OK..All the orifices (10) are stamped A...also on the adjustment cap is Humphrey Heater Co with 6 microscopic serial numbers that have been painted over 20-30 times...the manifold is stamped H 70....I appreciate your patience with me ...thanks...I uploaded pics of manifold and cap


----------



## Billy62 (Jan 10, 2018)

Billy62 said:


> Thanks for the quick response but Im a little fuzzy on some things...1.  is a gas grill tank (20lb) and regulator OK?....attached are pics..2..how do I know if the Humphrey regulator can be "flipped"?....The guy who sold me the ceramics said I probably need 1/64th holes and to peen the existing closed....I can do that, just a little afraid of ruining the heater if I get it wrong...attached are some pics..I will upload nipple pics in an hour....Thanks all!...Billy62






orifice marking...the holes are really small to me, but not sure


----------



## coaly (Jan 10, 2018)

The arrow in lower picture is pointing to the gas valve handle.

The regulator is what the gas supply line connects to.

The A stamp does us no good. I was hoping for the size number. Modern orifaces are now stamped with the oriface number or drill size as shown in left hand column of chart. Notice there is no such thing as a 1/64 oriface. That would be between a 78 and 79.If i had to guess, i'd guess your burners to be about 5000 BTU each which would be 50,000 Total. That would be a #70. That is twice the size of your 1/64. The company back then used a letter designation so the correct orifaces were installed in each appliance. I'm assuming you looked all over the appliance for a set of LP orifaces that can be screwed on the heater somewhere? Some companies put them in a cloth bag which would probably be long gone in your case.
Do you know what BTU the ceramic is for? I'm surprised there is no label or data plate giving BTU of heater. It could be in the form of 45K or 50K meaning 45 or 50,000 BTU.
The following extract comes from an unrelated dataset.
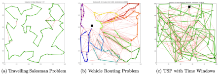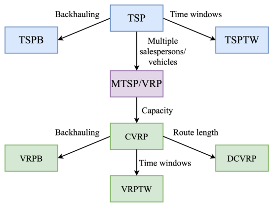 在现实世界和实际场景中,路由问题或车辆路由问题 (VRP) 可能会涉及超出普通的 TSP 的挑战性约束。例如,带有时间窗口的 TSP (TSPTW) 将「时间窗口」约束添加到 TSP 图中的节点。这意味着某些节点只能在固定的时间间隔内访问。另一种变体是,容量车辆路线问题 (CVRP) ,旨在为访问一组客户(即城市)的车队(即多个销售人员)找到最佳路线,每辆车都具有最大承载能力。

The reason a pressure regulator is installed on an appliance (called appliance regulator) is in case the natural gas company regulator malfunctions and allows higher pressure to pass through. It is set approximately the same as the incoming gas from the natural gas line. This pressure is about 1/2 the pressure needed with LP. So if there is an appliance regulator on your heater, it can't be used while set for the lower natural gas pressure. That is about 1/4 psi or 4.0 W.C. compared to LP which is about 1/2 psi or 11 W.C.
Give me a picture of where the gas line connects and it should show the regulator.
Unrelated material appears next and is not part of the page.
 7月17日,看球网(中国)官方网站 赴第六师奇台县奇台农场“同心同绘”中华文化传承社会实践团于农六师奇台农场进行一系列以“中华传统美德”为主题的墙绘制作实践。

When you are done, you are going to need to connect a manometer or U-tube gauge to the supply pressure line to both check for leaks and to make sure the gas valve closes fully. I would pull the gas valve apart and grease it (special gas valve grease) since you don't know when it was done last. It could be dry from sitting and the grease on the cone is what makes the seal. a pressure leak down test is the only way to leak check the system and appliance. How far are you from the PA border at RT.80 ? I can probably have this up and running in an hour.
The service valve required at appliance connection should have a test port as well which make it easy to verify you have a sealed system from cylinder to gas valve. Once you know it holds pressure during a 10 minute leak down test, you are safe to light the burners. I would not light them without doing that since you don't know if the gas valve on manifold leaks or any other parts of heater may leak.


----------



## coaly (Jan 10, 2018)

I just noticed your picture file names are Humphrey 60...... is that because there is a Humphrey 60 model number somewhere??


----------



## Billy62 (Jan 11, 2018)

coaly said:


> I just noticed your picture file names are Humphrey 60...... is that because there is a Humphrey 60 model number somewhere??




yes..when radiants are out it says Humphrey 60 impressed into the fireproof backing


----------



## coaly (Jan 11, 2018)

I would imagine that model designation is 60,000 BTU.
So oriface size should be #69 or .0292 inch that gives you 5956 each or 59, 560 BTU total. If you have other appliances on the same system with lower pressure under full load you could bump it up to the larger #68 since a lower operating pressure under load (such as 10") would bring output down from 67,000 with the 68 oriface.
I would go #69 to err on the side of lean being unvented.

I would also have a CO detector in the same building as appliance. You can always get spider webs in the intakes or low pressure from a variety of reasons that gives less than a clean burn.

Did you remove this heater from a Natural Gas line so you are sure it was set up for Natural? Those orifaces look small for Natural 60,000.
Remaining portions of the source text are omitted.